— Ты ешь, ешь сам! — просит Сергий. — Мне уже не надобно ничего!

После еды они сидят рядом, как два воробья, почти прижавшись друг к другу. Сполохи огня из русской печи бродят по их лицам, мерцает огонек лампады. Тихо. Тому и другому хорошо и не хочется говорить ни о чем.

— Ты в Москву? — спрашивает Сергий.

Федор молча кивает, оскучневши лицом. Он бы рад теперь никуда не уезжать, но дела епархии, дела пастырские…

— Не жди, езжай! — решает Сергий. — В сентябре поедешь назад, навести меня! Около месяца я еще проживу!

Федор кивает молча и не подымает головы, чувствуя, как слезы опять застилают ему глаза.

— Не погибнет Русь? — спрашивает он Сергия.

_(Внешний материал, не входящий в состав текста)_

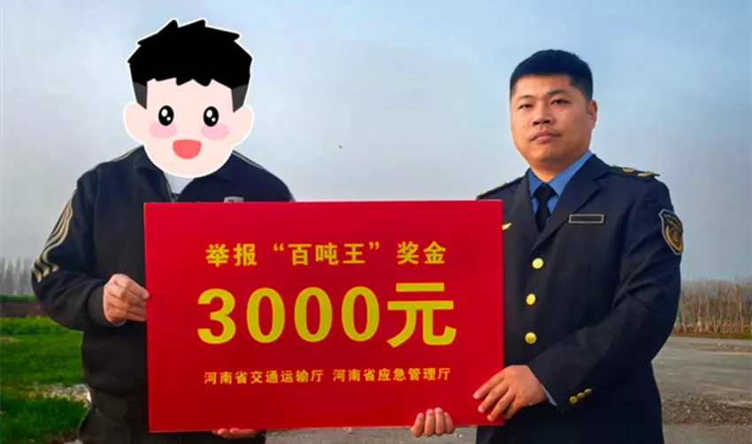 近日,省应急管理厅、省交通运输厅向5名举报人每人兑现“百吨王”货车违法超载举报奖金3000元。这是全省首批兑现的“百吨王”货车违法超载举报奖励案例。

— Не погибнет! — отвечает тот. — Пока народ молод и не изжил себя, его невозможно убить, когда же он становит стар и немощен, его не можно спасти.

— Как Византию?

— Да, как Византию! Ты был там и знаешь лучше меня.

— Там это трудно понять! Большой город, непредставимо большой! Многолюдство, торговля, в гавани полно кораблей… Но сами греки! Если бы все, что они имеют, дать нам…

— Не ведаю, Федор! Быть может, когда мы будем иметь все это, то постареем тоже!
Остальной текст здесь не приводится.